Monday, September 28, 2009

Review: Tuna Carpaccio P.I.

Tuna Carpaccio is many things. First, it is a dish made by thinly slicing fresh raw tuna and serving it with a savory and often spicy sauce. Second, it is a webcomic by Josh Dunlap and Tony Chavira. Third, it is the main character of said webcomic.

It may be still other things. I'll let you know if I discover any more.

Albacore Melt Carpaccio, better known as "Tuna," is a private investigator in a city of crime and mayhem. He's hard-headed, hard-hitting, and hardly competent. Even his secretary Pamela is more skilled at detective work than he is.

Tuna, however, is entirely oblivious to his own incompetence. He cracks cases with fisticuffs and copious property damage. He fancies himself on par with the city's Police Detective, Aurora Malta, even though his investigations (and I'm being generous with the term) constantly interfere with hers. Despite her low opinion of him (which she makes clear in no uncertain terms), he relentlessly hits on her. Tuna believes he is the sharpest detective in the shed--and he ignores all evidence to the contrary.

Carpaccio's primary adversary is the elusive mob boss Jose Maria De Jesus, but the road to the Hispanic crime lord is strewn with recurring "theme villains" in the vein of Dick Tracy or Batman. These include psychological psycho Ink Blot, zombie hipster Dead Beat, the bowling monarch King Pin (my personal favorite), and the Christmas criminal Coal Miner, whose slugfest with Carpaccio stretches out in a ridiculous infinite-canvas showdown that is sure to give the creators headaches when they're putting together a print collection. In these side excursions from the hunt for De Jesus, the comic both satirizes and revels in the bad-puns-and-punchouts villain-of-the-week style, but in a recent surprise move, all these crooks Carpaccio's put behind bars turn out to be relevant to the plot. It's one of many nice touches that make the comic such a kick to read.

Another is the art. Josh Dunlap's style is evocative of film noir, with a little animated-cartoon thrown in for flavor. It's got an inky look to it, with gritty backgrounds, sharply-rendered characters, and loose linework splashed with black shading. Fight scenes are rowdy, cacophonous affairs, the comic keeps things dynamic right down to the panel layouts, and characters have signature fonts for their dialogue. In less-competent hands, this would be a cheap gimmick, but from Pam's longsuffering all-lowercase lines to King Pin's regal script, it's a nice touch and an important part of the comic characterization. In short, Tuna Carpaccio looks good.
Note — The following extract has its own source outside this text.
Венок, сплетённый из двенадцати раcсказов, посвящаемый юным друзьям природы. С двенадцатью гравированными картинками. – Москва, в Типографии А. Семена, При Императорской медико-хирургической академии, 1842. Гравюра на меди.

But don't let him know I said that. It'd go straight to his head.

Tuna, oblivious as he is to his own incompetence, can't help but remind me of Michael Scott, the bungling boss from The Office--which brings me to my only major criticism of the comic. Both Tuna and Michael have no idea how truly unproficient they are, and they make us laugh even as we cringe at their ridiculously unprofessional behavior. With Michael, however, you actually feel sorry for him: you get the sense that he actually cares about people, and his only real vice is that he cares more about getting people to like him. Tuna, on the other hand, more often you just shake your head and mutter, "I cannot believe this guy."

At this point in the story, to be perfectly honest, Tuna is a serious cad, and I'd be hard-pressed to name a redeeming feature beyond his right hook. He's persistent, I'll give him that much. But that's not much to hang your hat on when you're persistently bad. In essence, what I'm saying is that even though the art is great, the characters are funny, and the plotline packs more twists and turns than a retro dance move, it really loses some potential when you strain to sympathize with the main character.
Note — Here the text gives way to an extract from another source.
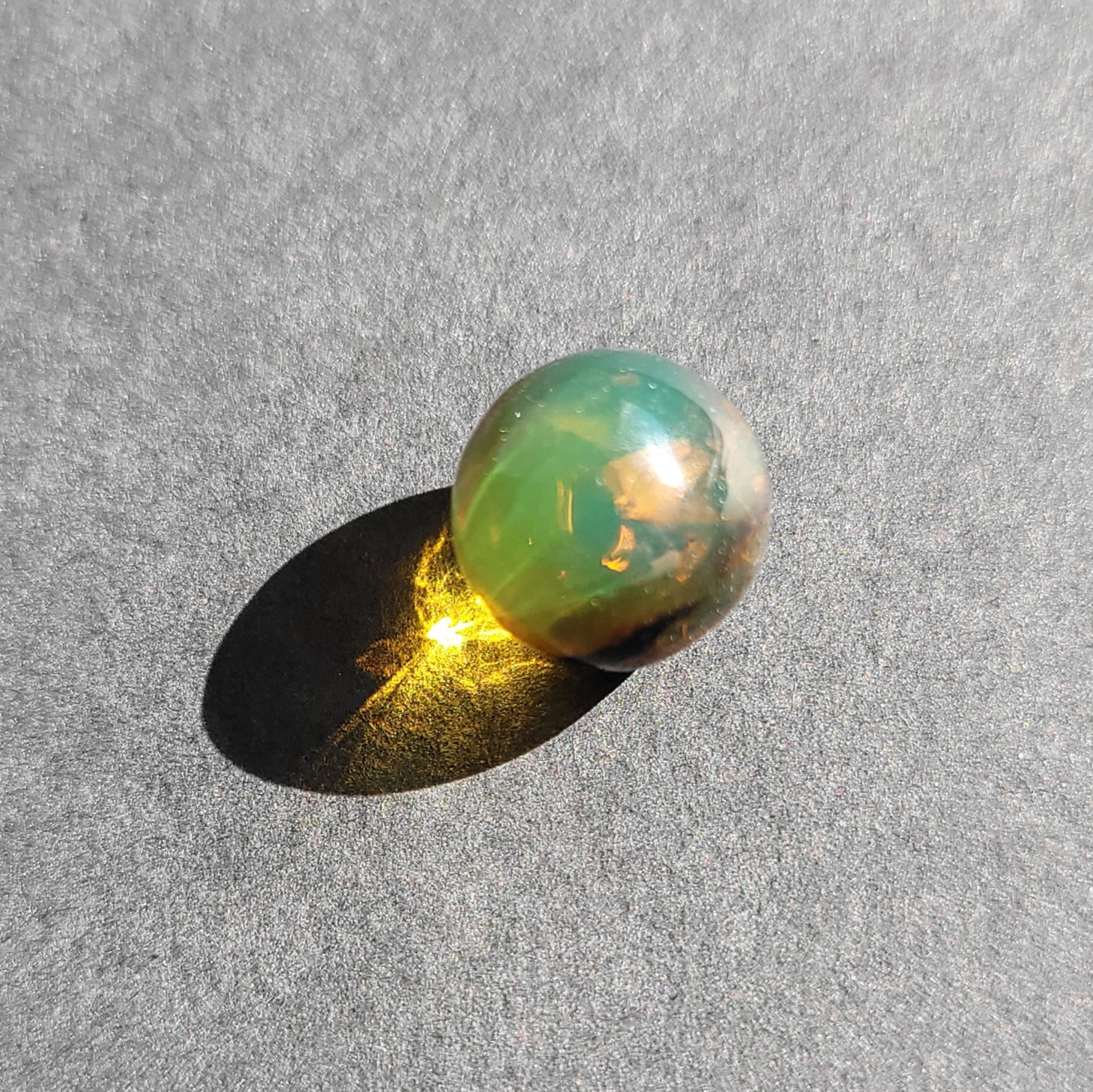 Wenn ich mich recht erinnere sind die klareren sogenannten grünen Bernsteine wirklich irgendwie aussen von mindestens einer Seite geschwärzt oder abgedunkelt um einen grünen Licht Farbstich anzudeuten. Vielleicht ist dies auch manchmal natürlich ?

Still, Tuna Carpaccio is well worth your time to check out, and it's going to be well worth my time to follow in the future. It's a comedy comic with a quirky sense of humor (I can guarantee you've never seen a comic with as bizarre a beginning as this), and it's very slickly executed. For all his vices, Tuna is hilarious and his misadventures are entertaining.

Tuna Carpaccio is a quality comic. See if it's your style--give it a read.


Anonymous said...

That's a very well written review. It made me want to read the comic all by itself.


Jackson said...

Good to hear--means I'm doin' my job. :) Thanks, Delos!

speearr said...

You've turned me into a Carpaccio fan. I swear, half the comics I read nowadays were introduced by you!!

Jackson said...

I'm glad, Speearr. I'm still trying to get people into Terence N. Tijuana, the artwork for which continues to blow me away. Maybe I should to a review of it! Also, I like to call it "Tenerence N. Tijuananana."

speearr said...

Haha that's a wacky take on the name. Review it? Would that be a conflict of interest since I'm one of your readers? LOL...

Anytime dude, anytime.

Bengo said...

Hi Jackson,

By chance, I've gotten to know Tony a bit before I've gotten to read the comic in depth, but he's a really decent guy, and I've always had the feeling that the strip would be a good read. It's terrific to see it receive considered attention.